El convertit se puso a gatas, exhaló
un bufido y dirigió su negra mirada hacia la fuente.
Isidro
agarró con fuerza el marum.
El
ser hizo ademan de saltar, sus extremidades inferiores se doblaron en un ángulo
imposible y realizaron un inverosímil movimiento. El viejo detective se preparó
para el ataque. Su corazón, a pesar de haberse enfrentado decenas de veces con
aquellos diablos, latía desbocado.
Nada
sucedió. El monstruo no aparecía. La lluvia comenzó a arreciar borrando los
ruidos de la tarde noche. El agua comenzó a empapar el pelo canoso y la piel
bronceada y curtida del viejo investigador donde las arrugas comenzaban a tomar
solidas posiciones.
Su
rostro dibujó una nerviosa sonrisa, sabedor de que aquel monstruo era diferente
a los demás.
—Nunca
debí haberte dado este caso —susurró.
El
convertit apareció por un lateral de
la fuente. Sus ojos rojos miraban al viejo como si fuese un pequeño ratón con
el que fuese a comenzar un excitante juego de caza.

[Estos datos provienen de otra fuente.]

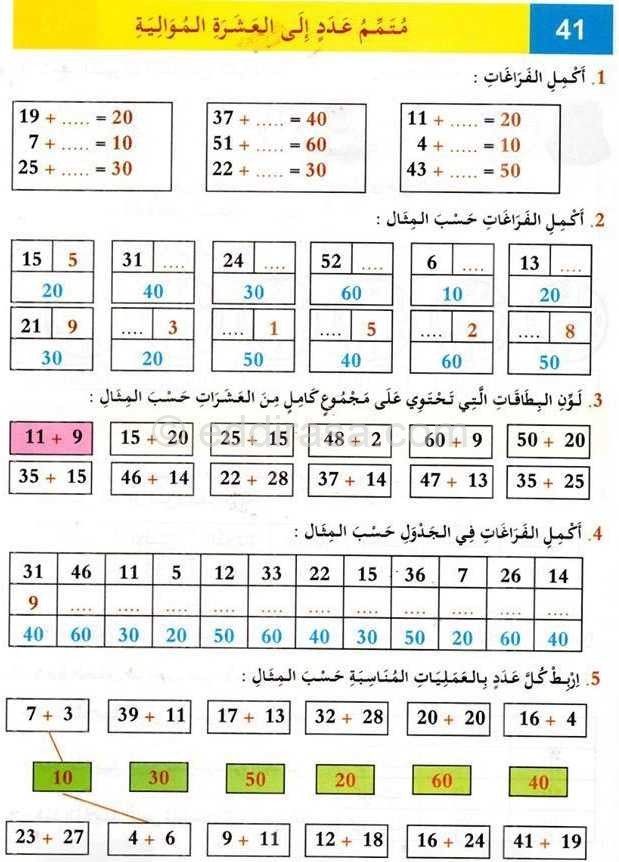 مادة : الرياضيات للسنة الأولى ابتدائي : دروس مفصلة ، فروض واختبارات، تمارين محلولة: . دروس الرياضيات – متمم عدد إلى العشرة الموالية
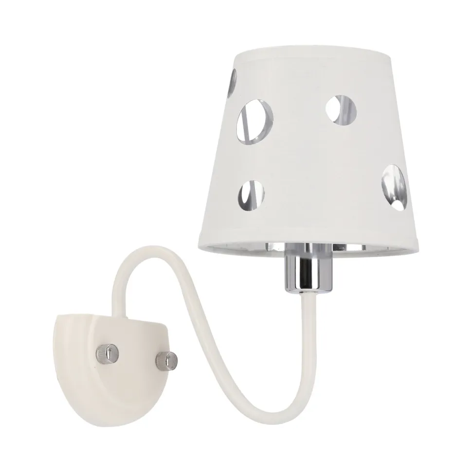 Rodzina klasycznych metalowych lamp z tkanymi abażurami występująca w dwóch wersjach kolorystycznych. Lekkości wzorniczej lampom nadaja nieregularne otwory wycięte w kloszach. Kinkiet w kolorze białym z jednym punktem świetlnym. Żarówka nie jest dołączana dla produktów z zewnętrznym źródłem światła.
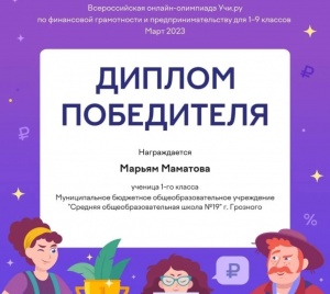 05.04.2023Начальная школа приняла активное участие в финансовой олимпиаде на электронном образовательном ресурсе "Учи.ру". Олимпиады по финансовой грамотности от «Учи.ру» знакомят учеников с базовыми понятиями предпринимательства. Сложная информация усваивается лучше благодаря подаче материала в игровой форме. У ребенка с раннего детства развиваются навыки, которые так пригодятся в самостоятельной жизни: планирование бюджета, лидерские задатки, критическое мышление. дала тIаьхье беркате йойла!

Caminaba sobre sus cuatro
patas en movimientos lentos y dislocados.
Isidro
levantó su puñal.
Un
gruñido salió de la negra boca del ser como una ininteligible palabra pronunciada
en algún antiguo y olvidado idioma. Volvió a doblar sus patas y esta vez saltó,
el detective irguió la mano que sujetaba el marum
en un movimiento certero, pero una de las patas delanteras del monstruo se
movió en un imposible vaivén hasta arrancar de cuajo el brazo del viejo que
dios dos pasos atrás mientras el convertit
caía sobre él, sus dientes alcanzaron su objetivo y se clavaron como pinchos de
hierro en la cara del hombre, su mandíbula se movió masticando hasta que el
cráneo del viejo detective se deshizo como chicle dentro de la boca.
El
cuerpo descabezado y sin brazo del hombre cayó al suelo empapado por la lluvia.
El
convertit se estiró como un lobo y
lanzó un gruñido al cielo encapotado. De dos saltos atravesó la valla del
jardín del viejo detective y recorrió la calle solitaria de la urbanización
hasta perderse en el bosque que nacía detrás de los últimos chalets.